The family of Sgt. Eduardo Corrall Gomez knew about his heroics during the Korean War but said he never received recognition for it in his lifetime.
It's believed Gomez was one of 24 men passed over for medals due to prejudice. President Barack Obama said he was going to right that wrong during a ceremony at the White House on Tuesday.
In September, 1950, during the Korean War, Gomez defended his company by maneuvering across open ground with a faulty machine gun. His nephew, Pete Corrall, said his uncle took out a tank with a grenade.
Gomez burned his hand and injured his right side but stayed with his regiment. Corrall said his injuries made it impossible to salute.
Obama presented his relatives with the Congressional Medal of Honor in an engraved shadow box, along with a flag from the Pentagon.

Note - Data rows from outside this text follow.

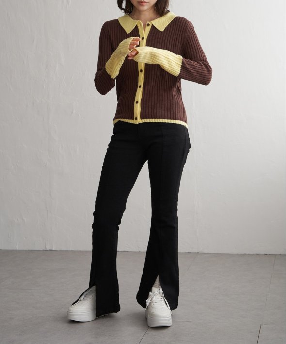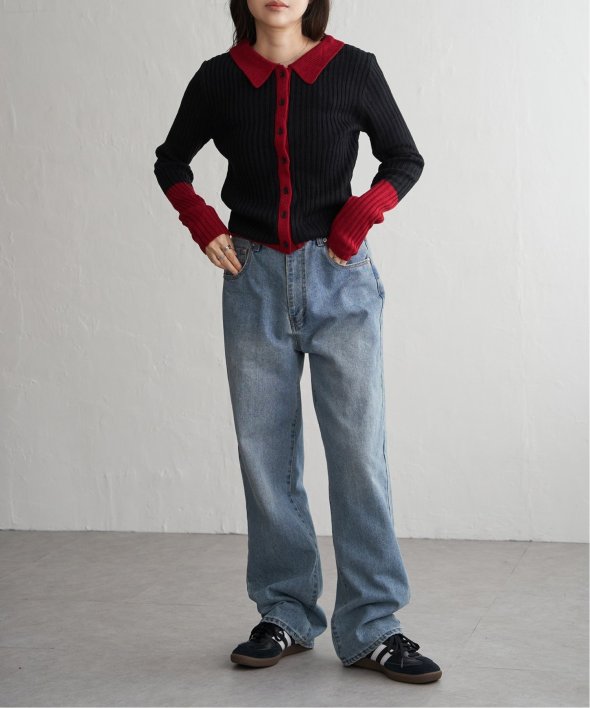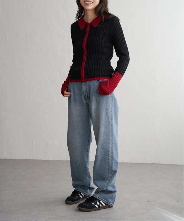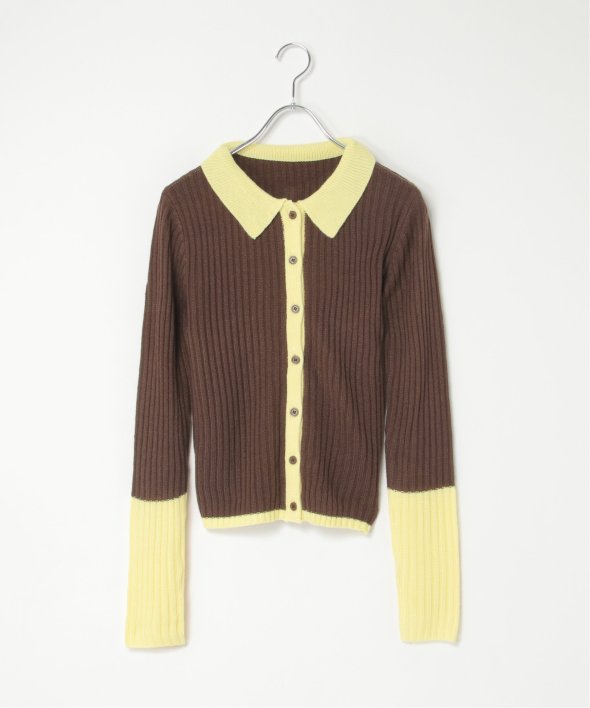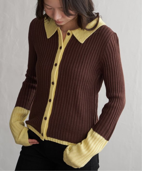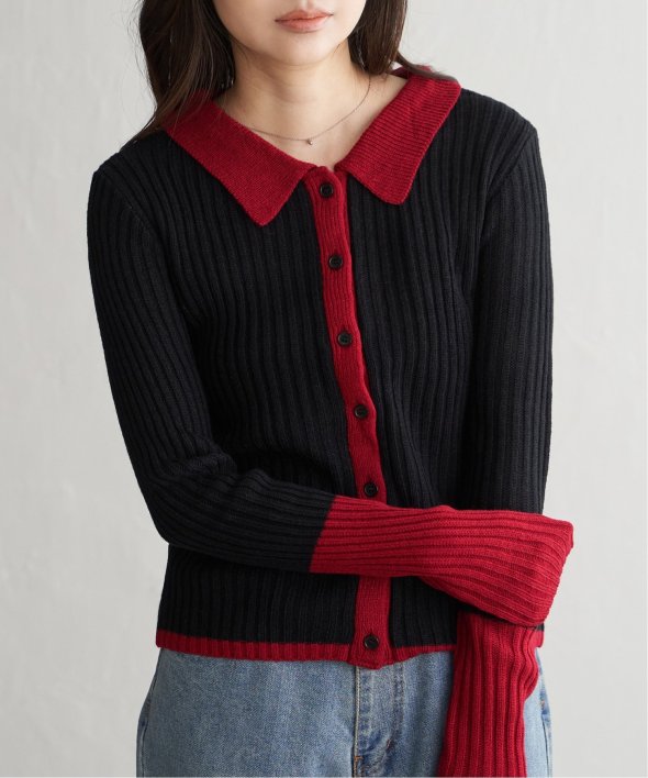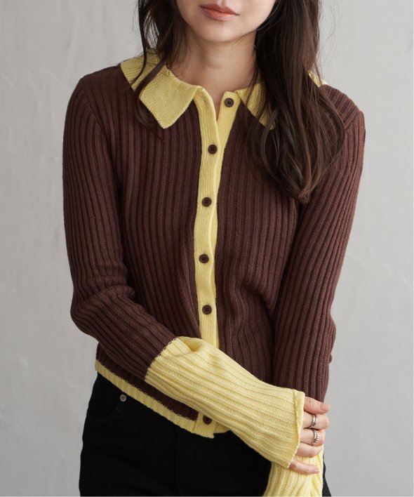 季節の装いにほどよい存在感を添えるバルキー7G配色ポロカーディガン。
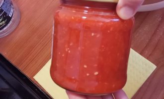 - Terwijl je tomaat-knoflook pittige adjika in een kom wordt gegoten, steriliseer je de glazen potten en deksels ervoor. Verdeel adjika in steriele en absoluut droge gerechten en draai de deksels snel vast.
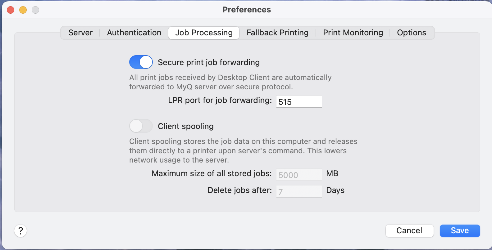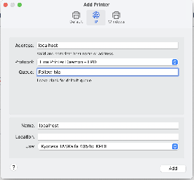 5. Address:localhost (the printjobs will be picked up by the myq client)
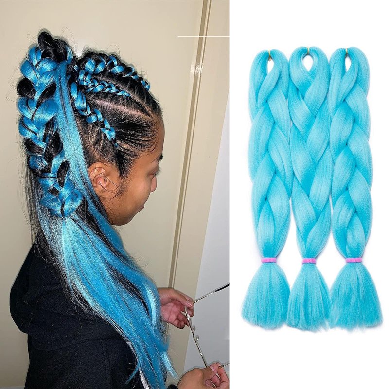 VOKEYLA Blue Braiding Hair Braid in Hair Extensions for Twist Braid 3 Pack Braiding Hair High Temperature Synthetic Fiber Light Blue Jumbo Braid for Women (Color:Azure Blue)
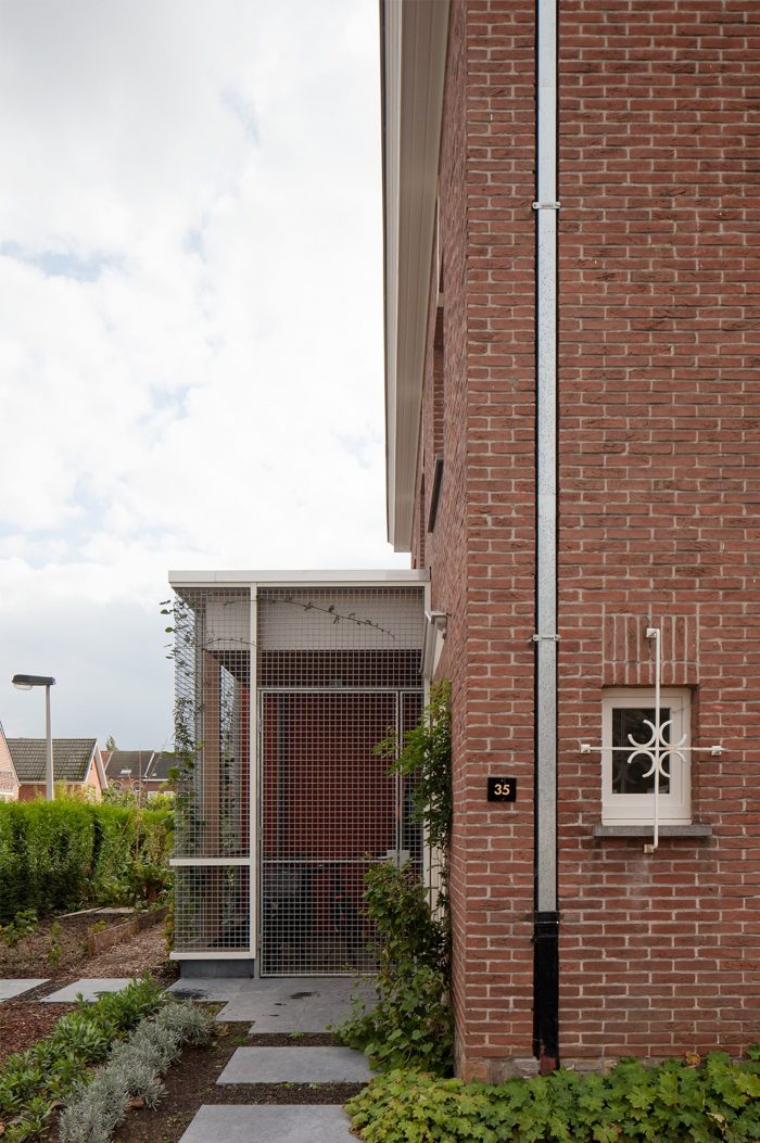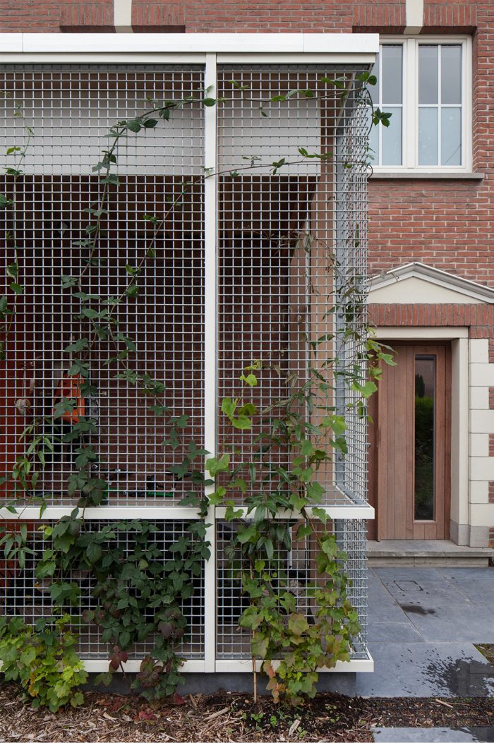 In addition to the kitchen, office, and dining area, the requested bicycle shed is also provided in the new L-shaped volume, which is also clearly legible: a facade cladding made of galvanized steel wire net closes off the storage area and over time will be overgrown by greenery.

Carroll said he borrowed from his retirement account to bring his grandchildren and his mother and other relatives to Washington, D.C., for the ceremony.
They said they have met celebrities in their hometown of Ojai but they never imagined meeting the President in the Oval Office.
They also met the families of other posthumous honorees including relatives of Army Pfc. Leonard M. Kravitz , the uncle of singer and actor Lenny Kravitz, who died defending his platoon during the Korean War in 1951.
If Gomez had been awarded the medal during his lifetime, it would have made his life easier financially by increasing his military benefits, Corrall said.
Gomez' sister-in-law Margaret Moreno Corrall said the president kissed her cheek and welcomed her with open arms.
She said she is grateful that an investigation into discrimination led to her brother-in-law's posthumous honor.